** Input for this task **
--------------------------------

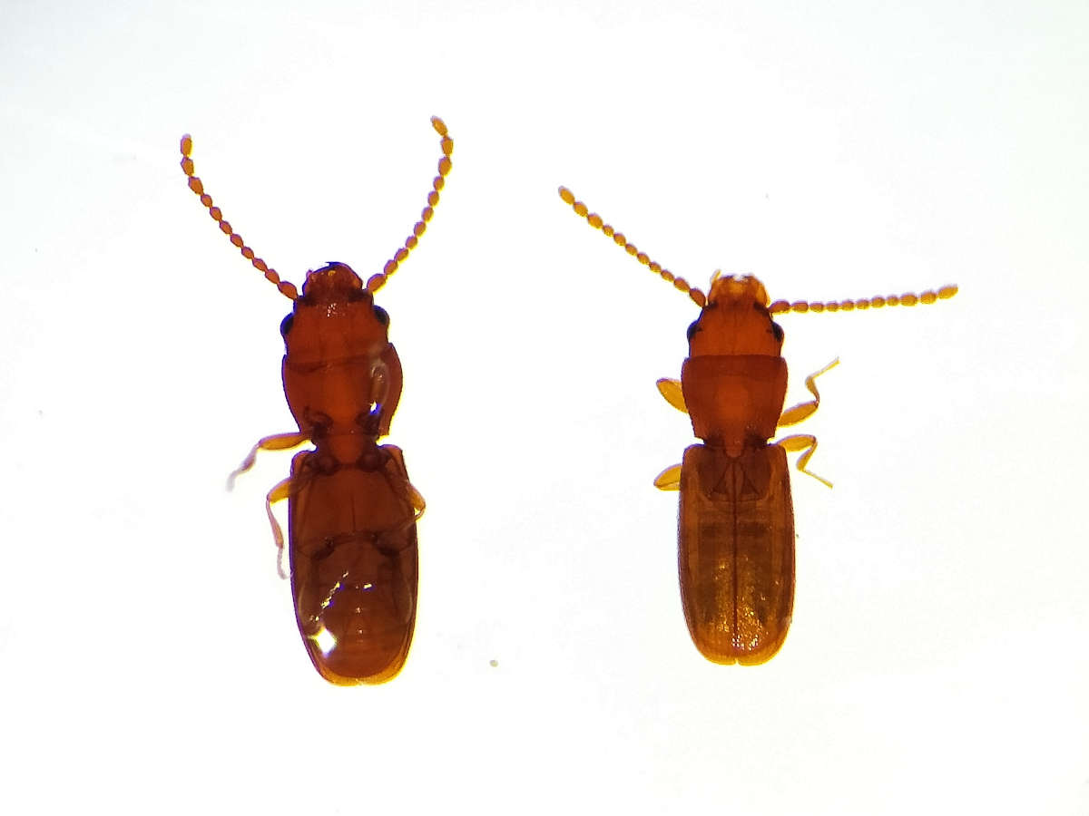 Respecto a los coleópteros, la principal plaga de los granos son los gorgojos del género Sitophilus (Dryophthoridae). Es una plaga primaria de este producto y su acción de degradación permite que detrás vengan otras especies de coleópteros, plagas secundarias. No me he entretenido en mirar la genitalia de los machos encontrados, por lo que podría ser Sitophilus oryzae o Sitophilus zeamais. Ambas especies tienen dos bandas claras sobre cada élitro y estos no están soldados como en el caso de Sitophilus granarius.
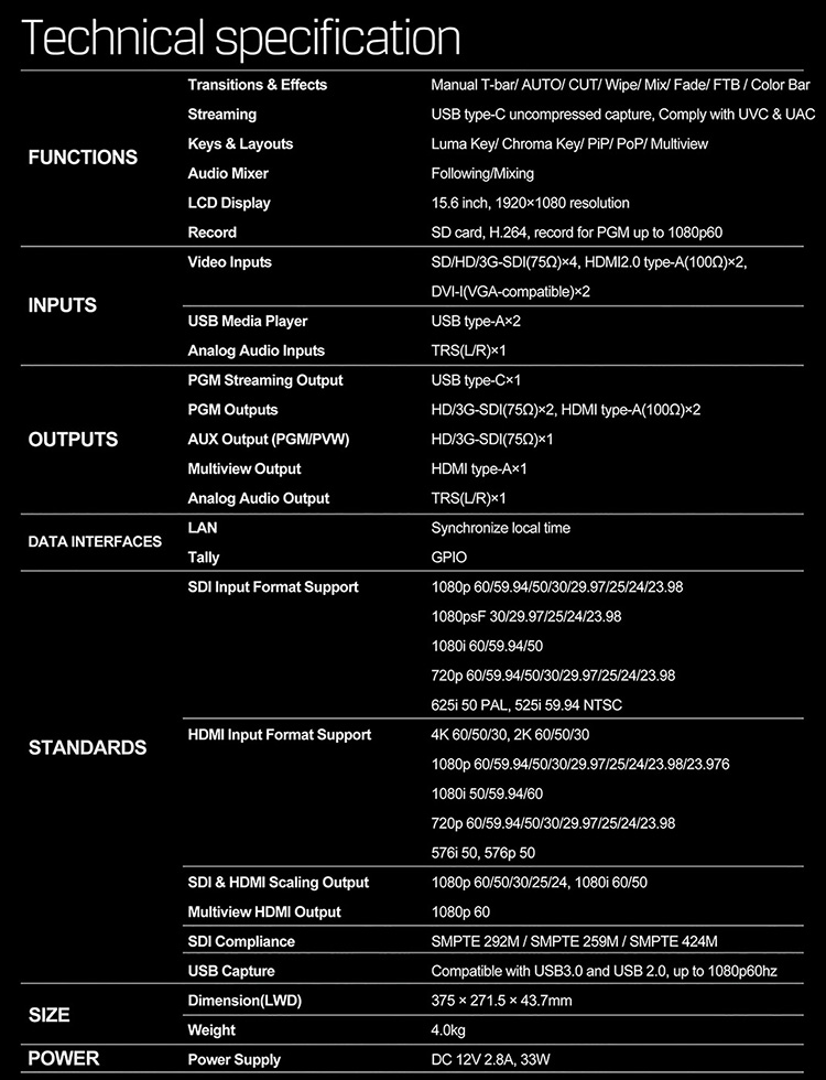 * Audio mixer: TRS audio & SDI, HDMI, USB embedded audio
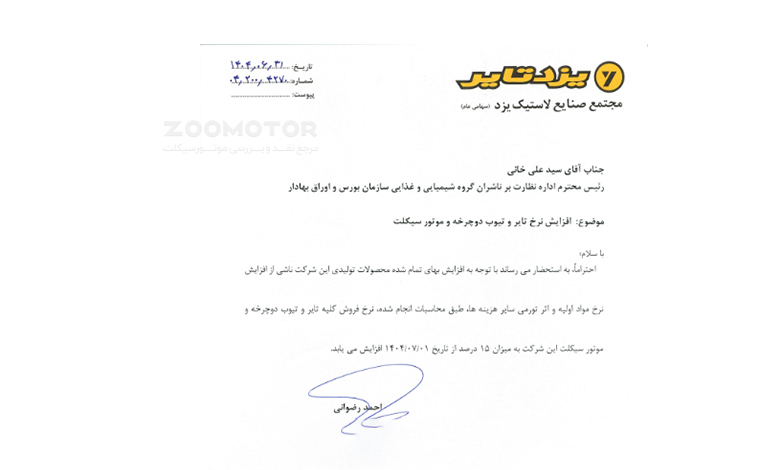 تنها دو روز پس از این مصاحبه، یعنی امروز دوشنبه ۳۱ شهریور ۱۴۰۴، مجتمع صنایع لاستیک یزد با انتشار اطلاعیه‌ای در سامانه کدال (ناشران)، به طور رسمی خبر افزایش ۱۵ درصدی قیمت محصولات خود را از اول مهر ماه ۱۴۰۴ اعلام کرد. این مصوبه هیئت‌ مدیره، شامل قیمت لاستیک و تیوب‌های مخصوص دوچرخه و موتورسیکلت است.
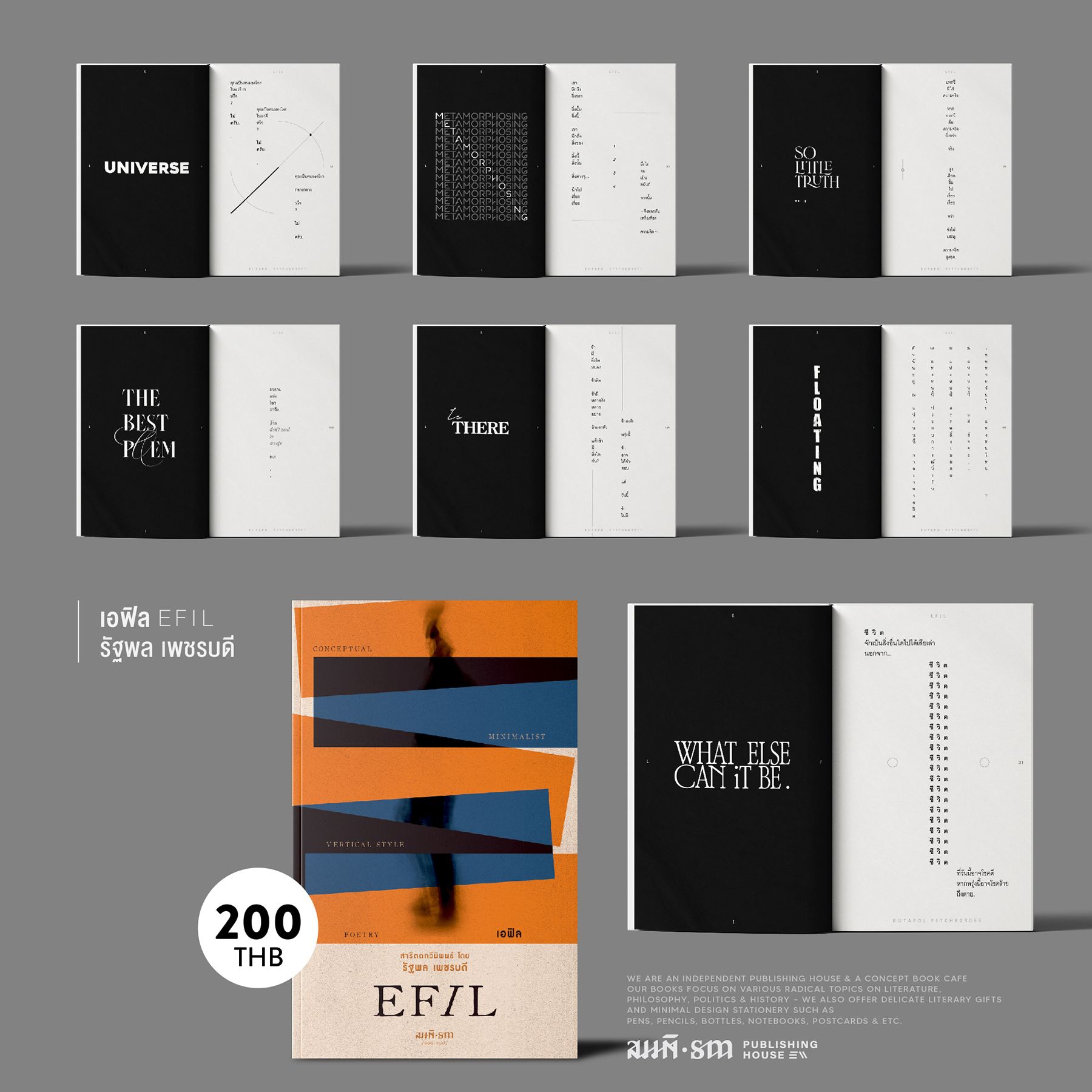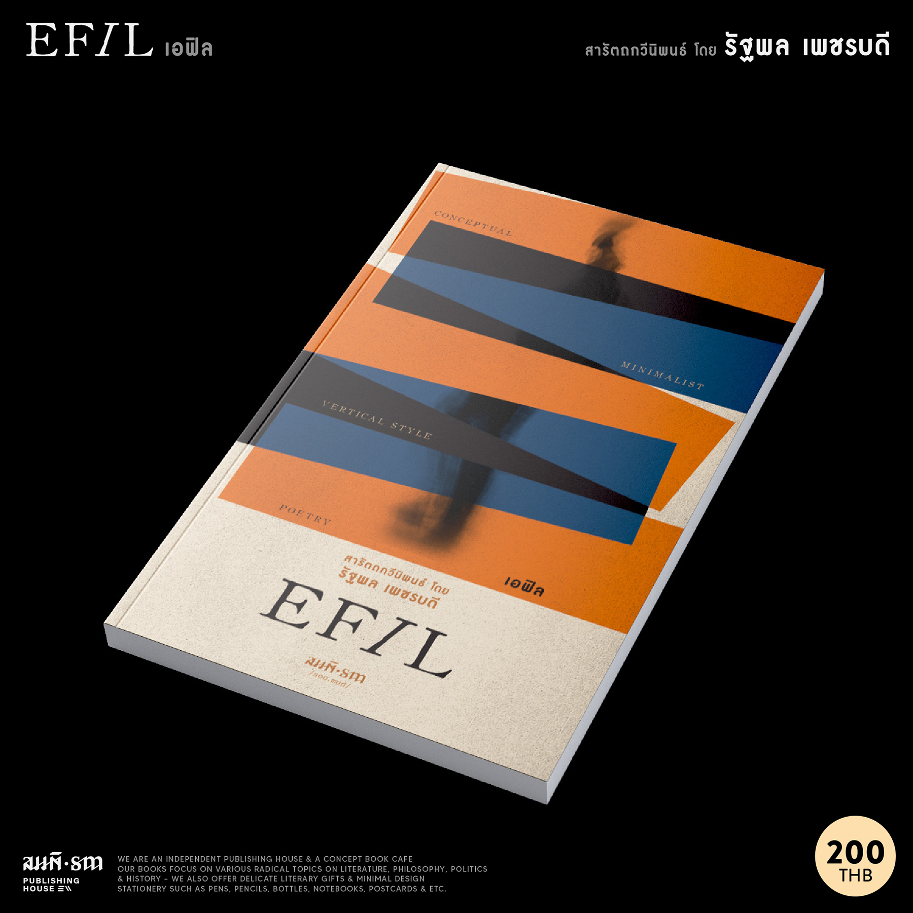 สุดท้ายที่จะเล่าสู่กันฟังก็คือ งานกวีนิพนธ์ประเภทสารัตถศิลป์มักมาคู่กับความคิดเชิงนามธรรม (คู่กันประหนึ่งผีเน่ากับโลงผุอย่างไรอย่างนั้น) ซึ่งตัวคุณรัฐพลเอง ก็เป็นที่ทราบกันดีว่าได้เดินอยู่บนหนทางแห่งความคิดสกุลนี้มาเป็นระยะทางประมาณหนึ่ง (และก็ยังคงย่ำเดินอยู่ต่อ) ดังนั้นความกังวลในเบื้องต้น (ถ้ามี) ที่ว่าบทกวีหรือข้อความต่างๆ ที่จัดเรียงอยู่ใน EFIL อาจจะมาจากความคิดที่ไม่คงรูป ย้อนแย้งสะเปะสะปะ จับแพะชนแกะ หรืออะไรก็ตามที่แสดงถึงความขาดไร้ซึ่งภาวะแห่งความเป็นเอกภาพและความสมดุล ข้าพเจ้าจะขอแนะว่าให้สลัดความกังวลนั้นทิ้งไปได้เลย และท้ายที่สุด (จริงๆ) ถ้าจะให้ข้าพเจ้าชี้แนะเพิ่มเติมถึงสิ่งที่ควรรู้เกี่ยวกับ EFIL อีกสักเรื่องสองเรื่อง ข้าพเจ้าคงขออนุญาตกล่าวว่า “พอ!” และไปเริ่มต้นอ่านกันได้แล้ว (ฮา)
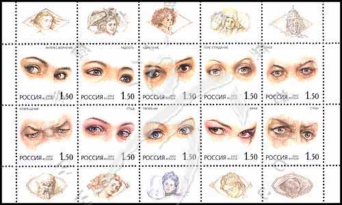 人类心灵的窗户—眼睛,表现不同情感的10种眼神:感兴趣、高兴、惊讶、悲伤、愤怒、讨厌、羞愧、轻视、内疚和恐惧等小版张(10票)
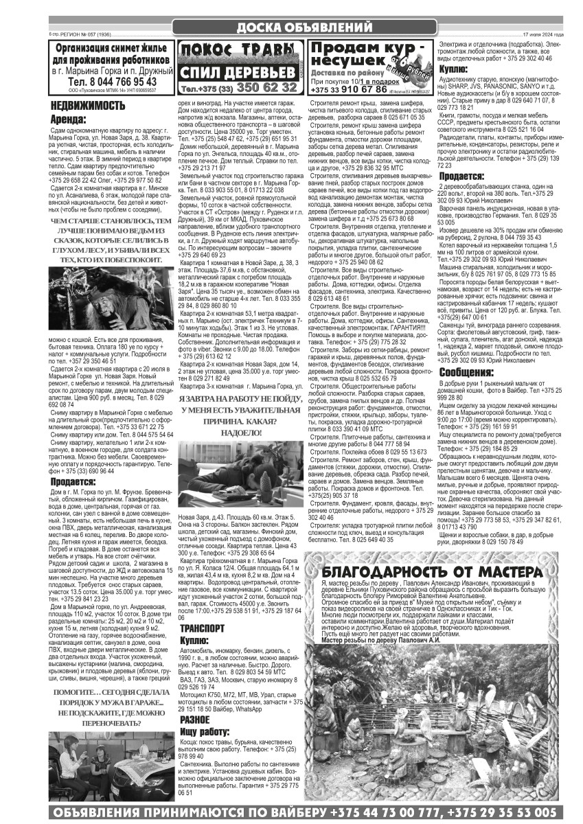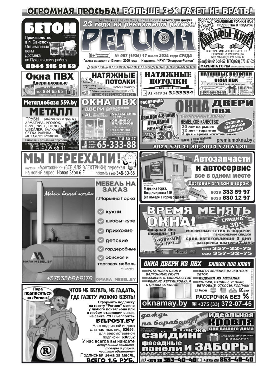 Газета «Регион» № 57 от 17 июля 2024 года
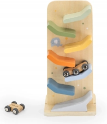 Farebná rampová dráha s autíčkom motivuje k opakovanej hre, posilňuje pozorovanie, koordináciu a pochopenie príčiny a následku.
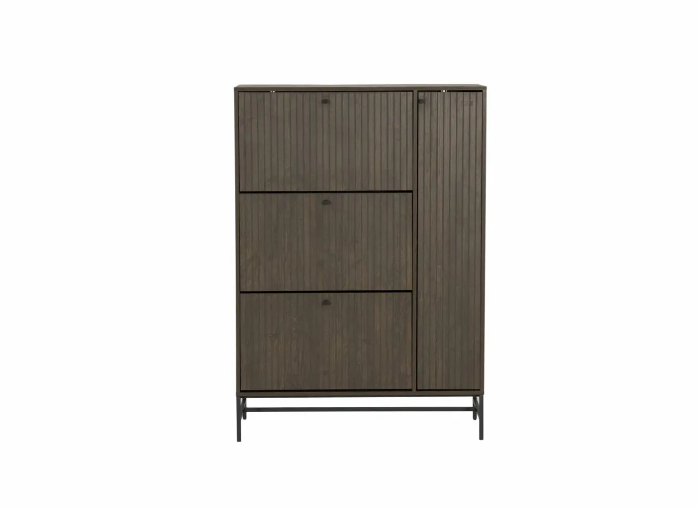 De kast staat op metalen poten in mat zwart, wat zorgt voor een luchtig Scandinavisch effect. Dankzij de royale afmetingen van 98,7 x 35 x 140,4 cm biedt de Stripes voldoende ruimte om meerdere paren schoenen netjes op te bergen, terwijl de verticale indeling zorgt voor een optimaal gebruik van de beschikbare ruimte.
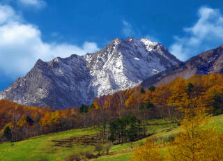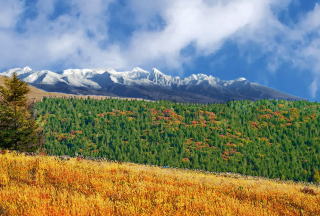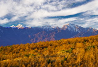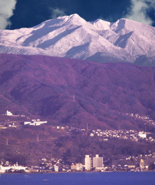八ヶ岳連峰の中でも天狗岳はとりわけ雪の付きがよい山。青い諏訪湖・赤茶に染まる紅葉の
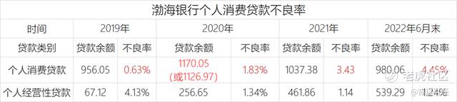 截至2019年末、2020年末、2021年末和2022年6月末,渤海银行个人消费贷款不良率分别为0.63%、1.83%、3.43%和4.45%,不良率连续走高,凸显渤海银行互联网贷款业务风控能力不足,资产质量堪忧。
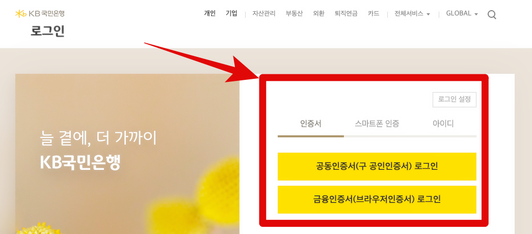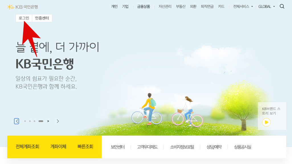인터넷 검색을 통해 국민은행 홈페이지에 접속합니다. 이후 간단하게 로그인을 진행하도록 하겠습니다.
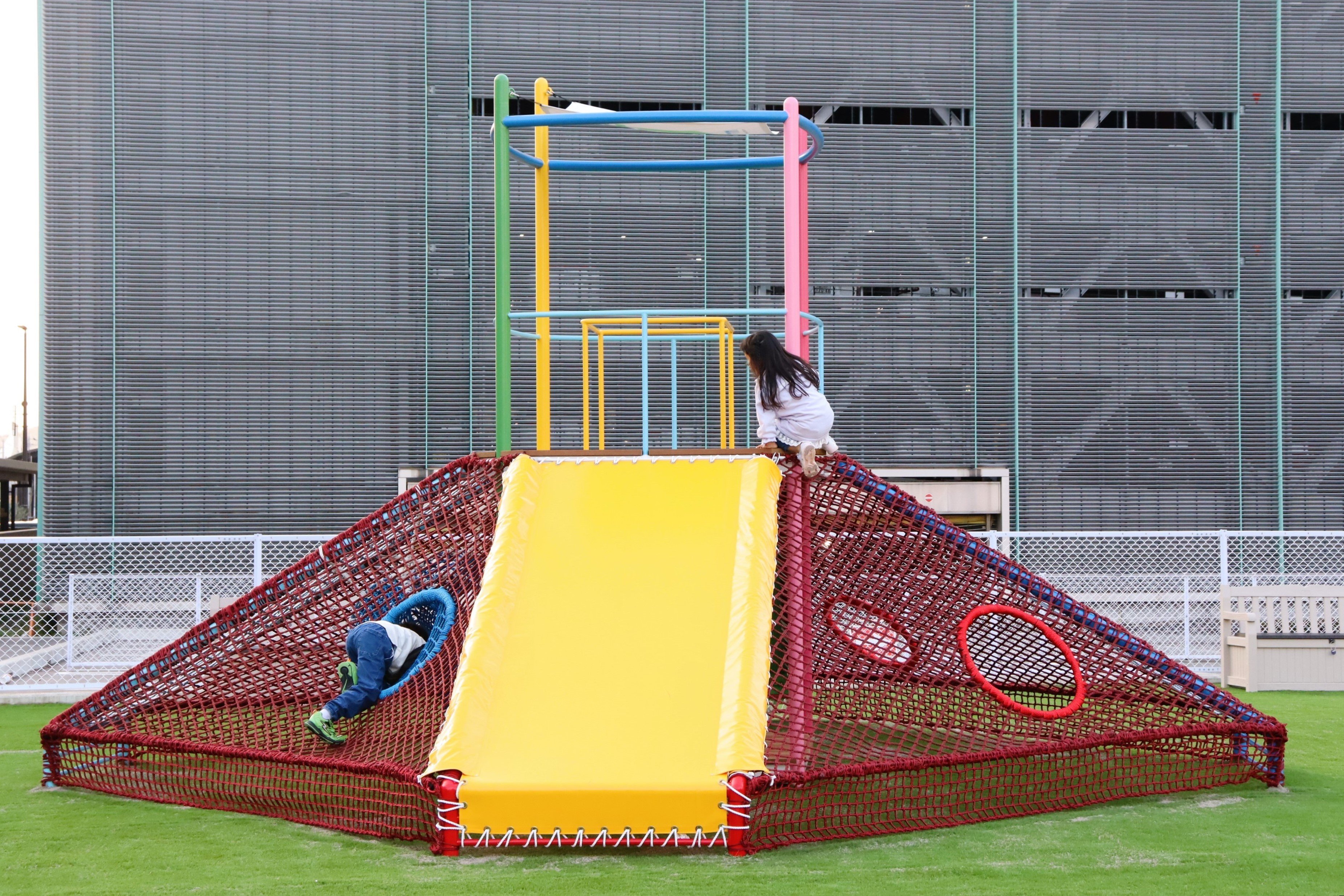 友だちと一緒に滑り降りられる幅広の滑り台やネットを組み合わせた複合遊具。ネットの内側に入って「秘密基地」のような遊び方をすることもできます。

--------------------------------

** What you should do **
Pictures stay out; everything else in the listing above is to be repeated exactly.

** Task response **
 Respecto a los coleópteros, la principal plaga de los granos son los gorgojos del género Sitophilus (Dryophthoridae). Es una plaga primaria de este producto y su acción de degradación permite que detrás vengan otras especies de coleópteros, plagas secundarias. No me he entretenido en mirar la genitalia de los machos encontrados, por lo que podría ser Sitophilus oryzae o Sitophilus zeamais. Ambas especies tienen dos bandas claras sobre cada élitro y estos no están soldados como en el caso de Sitophilus granarius.
 * Audio mixer: TRS audio & SDI, HDMI, USB embedded audio
 تنها دو روز پس از این مصاحبه، یعنی امروز دوشنبه ۳۱ شهریور ۱۴۰۴، مجتمع صنایع لاستیک یزد با انتشار اطلاعیه‌ای در سامانه کدال (ناشران)، به طور رسمی خبر افزایش ۱۵ درصدی قیمت محصولات خود را از اول مهر ماه ۱۴۰۴ اعلام کرد. این مصوبه هیئت‌ مدیره، شامل قیمت لاستیک و تیوب‌های مخصوص دوچرخه و موتورسیکلت است.
 สุดท้ายที่จะเล่าสู่กันฟังก็คือ งานกวีนิพนธ์ประเภทสารัตถศิลป์มักมาคู่กับความคิดเชิงนามธรรม (คู่กันประหนึ่งผีเน่ากับโลงผุอย่างไรอย่างนั้น) ซึ่งตัวคุณรัฐพลเอง ก็เป็นที่ทราบกันดีว่าได้เดินอยู่บนหนทางแห่งความคิดสกุลนี้มาเป็นระยะทางประมาณหนึ่ง (และก็ยังคงย่ำเดินอยู่ต่อ) ดังนั้นความกังวลในเบื้องต้น (ถ้ามี) ที่ว่าบทกวีหรือข้อความต่างๆ ที่จัดเรียงอยู่ใน EFIL อาจจะมาจากความคิดที่ไม่คงรูป ย้อนแย้งสะเปะสะปะ จับแพะชนแกะ หรืออะไรก็ตามที่แสดงถึงความขาดไร้ซึ่งภาวะแห่งความเป็นเอกภาพและความสมดุล ข้าพเจ้าจะขอแนะว่าให้สลัดความกังวลนั้นทิ้งไปได้เลย และท้ายที่สุด (จริงๆ) ถ้าจะให้ข้าพเจ้าชี้แนะเพิ่มเติมถึงสิ่งที่ควรรู้เกี่ยวกับ EFIL อีกสักเรื่องสองเรื่อง ข้าพเจ้าคงขออนุญาตกล่าวว่า “พอ!” และไปเริ่มต้นอ่านกันได้แล้ว (ฮา)
 人类心灵的窗户—眼睛,表现不同情感的10种眼神:感兴趣、高兴、惊讶、悲伤、愤怒、讨厌、羞愧、轻视、内疚和恐惧等小版张(10票)
 Газета «Регион» № 57 от 17 июля 2024 года
 Farebná rampová dráha s autíčkom motivuje k opakovanej hre, posilňuje pozorovanie, koordináciu a pochopenie príčiny a následku.
 De kast staat op metalen poten in mat zwart, wat zorgt voor een luchtig Scandinavisch effect. Dankzij de royale afmetingen van 98,7 x 35 x 140,4 cm biedt de Stripes voldoende ruimte om meerdere paren schoenen netjes op te bergen, terwijl de verticale indeling zorgt voor een optimaal gebruik van de beschikbare ruimte.
八ヶ岳連峰の中でも天狗岳はとりわけ雪の付きがよい山。青い諏訪湖・赤茶に染まる紅葉の
 截至2019年末、2020年末、2021年末和2022年6月末,渤海银行个人消费贷款不良率分别为0.63%、1.83%、3.43%和4.45%,不良率连续走高,凸显渤海银行互联网贷款业务风控能力不足,资产质量堪忧。
인터넷 검색을 통해 국민은행 홈페이지에 접속합니다. 이후 간단하게 로그인을 진행하도록 하겠습니다.
 友だちと一緒に滑り降りられる幅広の滑り台やネットを組み合わせた複合遊具。ネットの内側に入って「秘密基地」のような遊び方をすることもできます。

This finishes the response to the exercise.